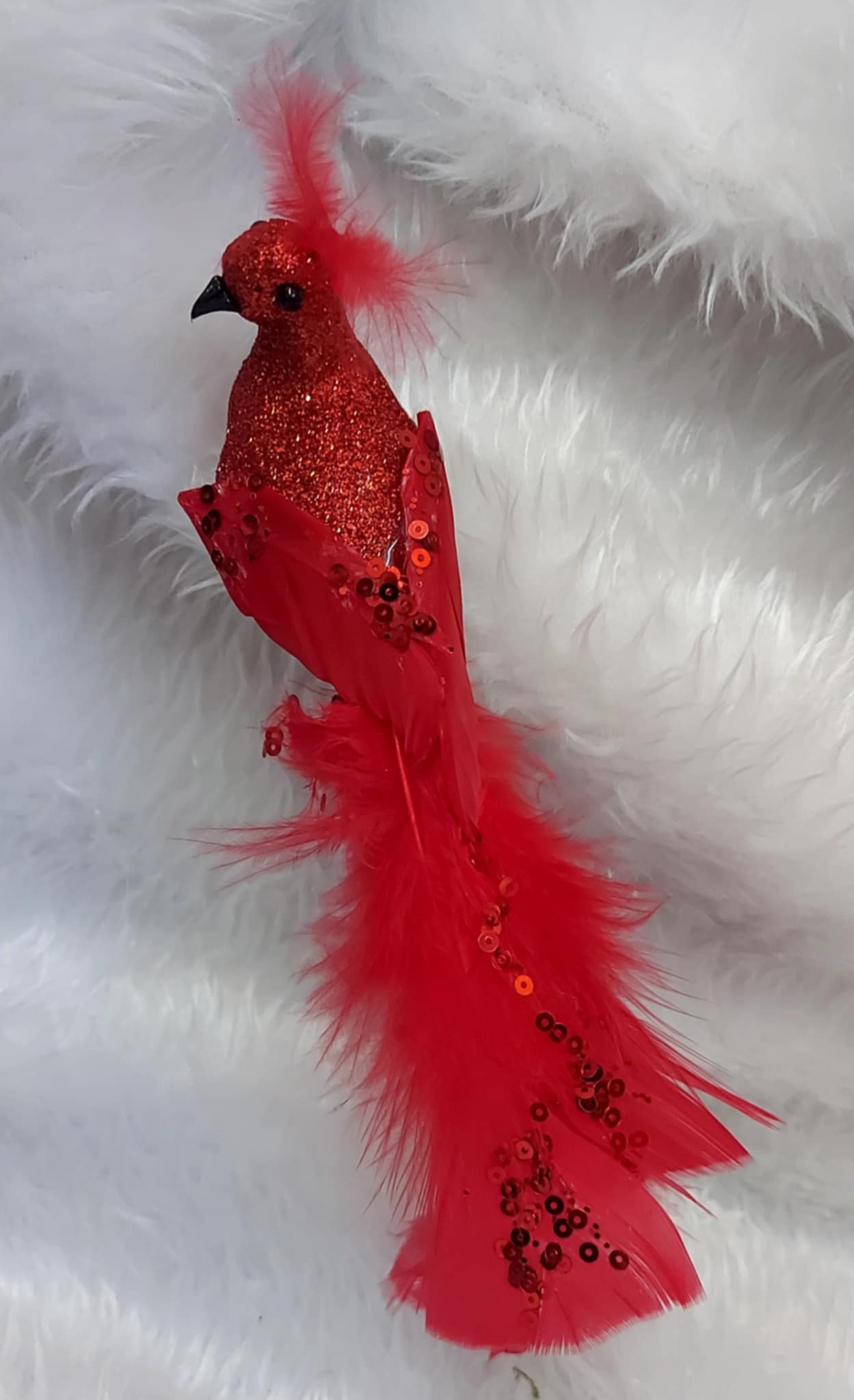 Adu un plus de eleganță și spectaculozitate bradului de Crăciun cu această pasăre roșie decorativă, cu corp sclipitor, aripi cu paiete și coadă lungă din pene bogate. O decorațiune deosebită, care atrage privirile și transformă orice aranjament festiv într-un decor de poveste.
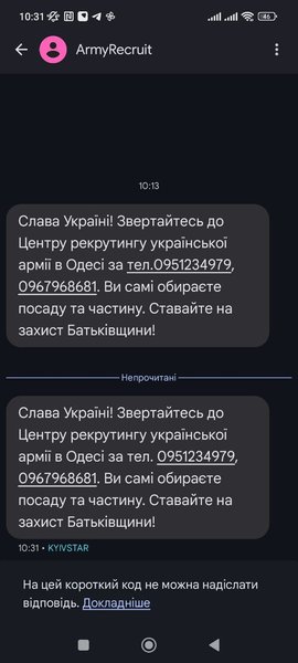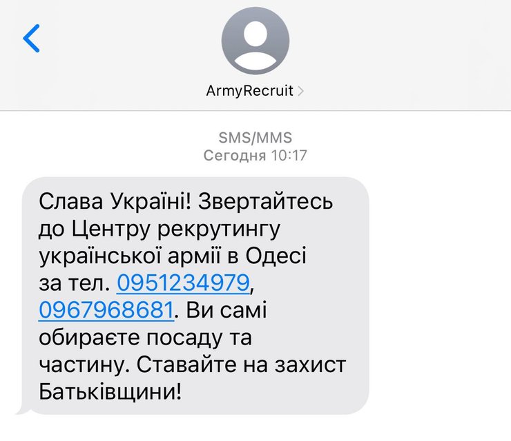 "Слава Украине! Обращайтесь в Центр рекрутинга украинской армии в Одессе по тел.: 0951234979, 0967968681. Вы сами выбираете должность и часть. Становитесь на защиту Родины", — говорится в сообщении.
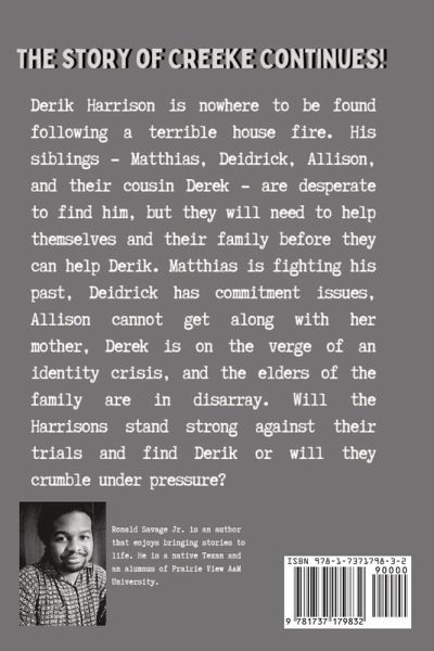 The youngest member of the Harrison family, Derik, is missing following a terrible house fire. His siblings - Matthias, Deidrick, Allison, and their cousin Derek - are desperate to find him, but they will need to help themselves and their family before they can help Derik. Matthias is fighting his past temptations and actions, Deidrick has commitment issues, Allison cannot get along with her mother, Derek is on the verge of an identity crisis, and the elders of the family are in disarray. Will the Harrisons stand strong against their trials and find Derik or will they crumble under pressure?
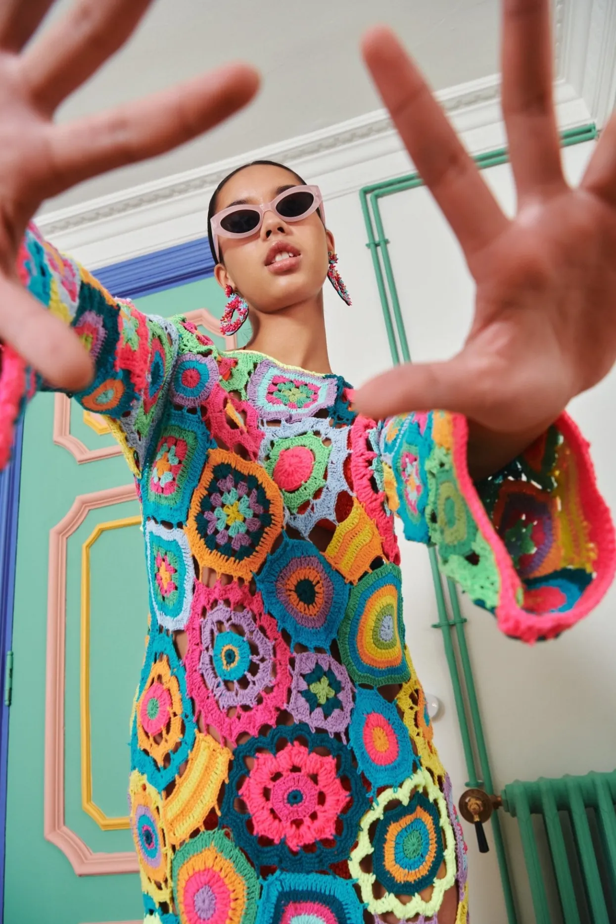Step Into A New Season With Our Open Crochet Midi Dress Featuring Long Sleeves And An Open Back Adorned With Neon Beading.

• • • • •

**WHAT THE EXERCISE ASKS**
Since the listing holds pictures, return everything else in it exactly and omit those.

**RESULT FOR THIS EXERCISE**
 Adu un plus de eleganță și spectaculozitate bradului de Crăciun cu această pasăre roșie decorativă, cu corp sclipitor, aripi cu paiete și coadă lungă din pene bogate. O decorațiune deosebită, care atrage privirile și transformă orice aranjament festiv într-un decor de poveste.
 "Слава Украине! Обращайтесь в Центр рекрутинга украинской армии в Одессе по тел.: 0951234979, 0967968681. Вы сами выбираете должность и часть. Становитесь на защиту Родины", — говорится в сообщении.
 The youngest member of the Harrison family, Derik, is missing following a terrible house fire. His siblings - Matthias, Deidrick, Allison, and their cousin Derek - are desperate to find him, but they will need to help themselves and their family before they can help Derik. Matthias is fighting his past temptations and actions, Deidrick has commitment issues, Allison cannot get along with her mother, Derek is on the verge of an identity crisis, and the elders of the family are in disarray. Will the Harrisons stand strong against their trials and find Derik or will they crumble under pressure?
Step Into A New Season With Our Open Crochet Midi Dress Featuring Long Sleeves And An Open Back Adorned With Neon Beading.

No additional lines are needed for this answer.